- DVD cover
- Directed by: John Carney
- Written by: John Carney Daniel James
- Produced by: Ed Guiney Arthur Lappin Jim Sheridan
- Starring: Cillian Murphy Tricia Vessey Jonathan Jackson Stephen Rea
- Cinematography: Eric Edwards
- Music by: John Carney
- Production company: Hell's Kitchen Productions
- Distributed by: Universal Pictures (through United International Pictures)
- Release date: 21 September 2001;
- Running time: 85 minutes
- Country: Ireland
- Languages: English Gaelic
- Budget: $7 million

= On the Edge (2001 theatrical film) =

2001 film by John Carney

On the Edge is a 2001 Irish drama film directed by John Carney, who co-wrote it with Daniel James. The film stars Cillian Murphy, Tricia Vessey, Jonathan Jackson and Stephen Rea. It follows a suicidal young man and his stay in a Dublin psychiatric hospital where he meets new friends who greatly influence his life.

==Plot==
Jonathan Breech is 19 when his father drinks himself to death. After a night with a gram of cocaine, another man's girlfriend and an already stolen convertible, he goes to his older brother Mikey's house at five in the morning to get his father's ashes. With the urn in the back seat he then goes on a suicidal drive.

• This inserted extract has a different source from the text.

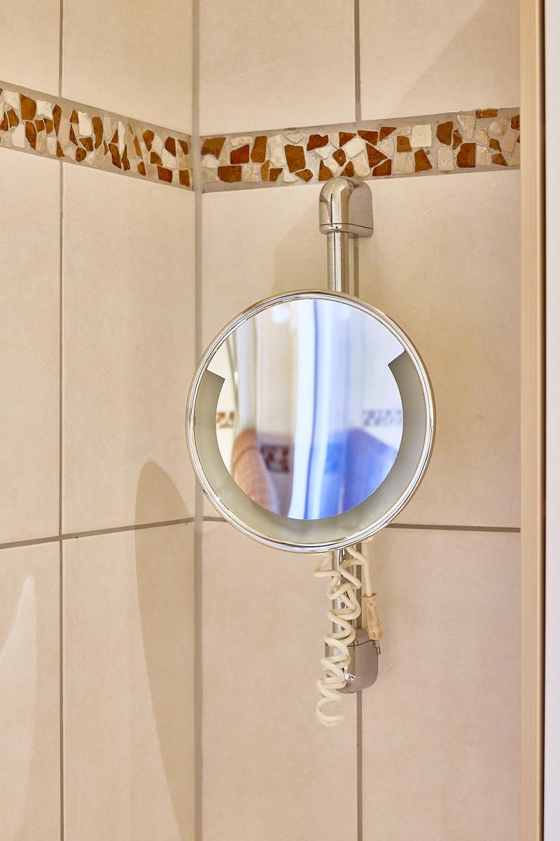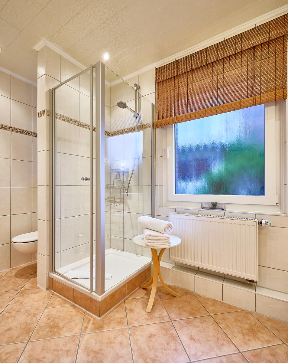 Das moderne Badezimmer überzeugt mit einer Badewanne, einer separaten Dusche, einem WC und einem großzügigen Waschtisch – ideal für Gäste, die Wert auf Komfort und viel Platz legen.

After waking up in a hospital he is given a choice: prison for the stolen car or a mental institution. He chooses the latter. His room there is small and very near bare. Wednesdays are visiting days, when his brother can come. The recreation room has a TV, cards and velcro-tipped throwing darts. Since he is an inpatient he is forced to only wear pyjamas as per the health board rules.

He has three group therapy sessions a week with Dr. Figure. There, he meets Rachel, Toby, Nick and Leslie. He voices romantic interest in Rachel but leaves the first session early. Rachel follows him to slap him for treating her patronisingly. They begin play-boxing, but stop when she accidentally hits his mouth hard and draws blood. Jonathan goes to the restroom to take care of his bloody lip, and Rachel follows him and shows an attraction to blood, smearing it on to her throat and chest. Jonathan is unsettled, but intrigued. He then befriends Toby, who seems to also have a crush on Rachel. One-on-one therapy sessions with Dr. Figure are sarcastic, but he does ask patients to take a pledge not to kill themselves before New Year's Eve.

Jonathan's friendship with Toby starts to gel when they sneak out to a pub together at night. After returning to his room, Jonathan is surprised to discover Rachel there waiting for him. While he is lying on top of her, Rachel pulls out a razor hidden in a cigarette box and cuts her arm, which seems to intensify her sexual excitement. When the blood drips onto Jonathan's neck, he puts a stop to things.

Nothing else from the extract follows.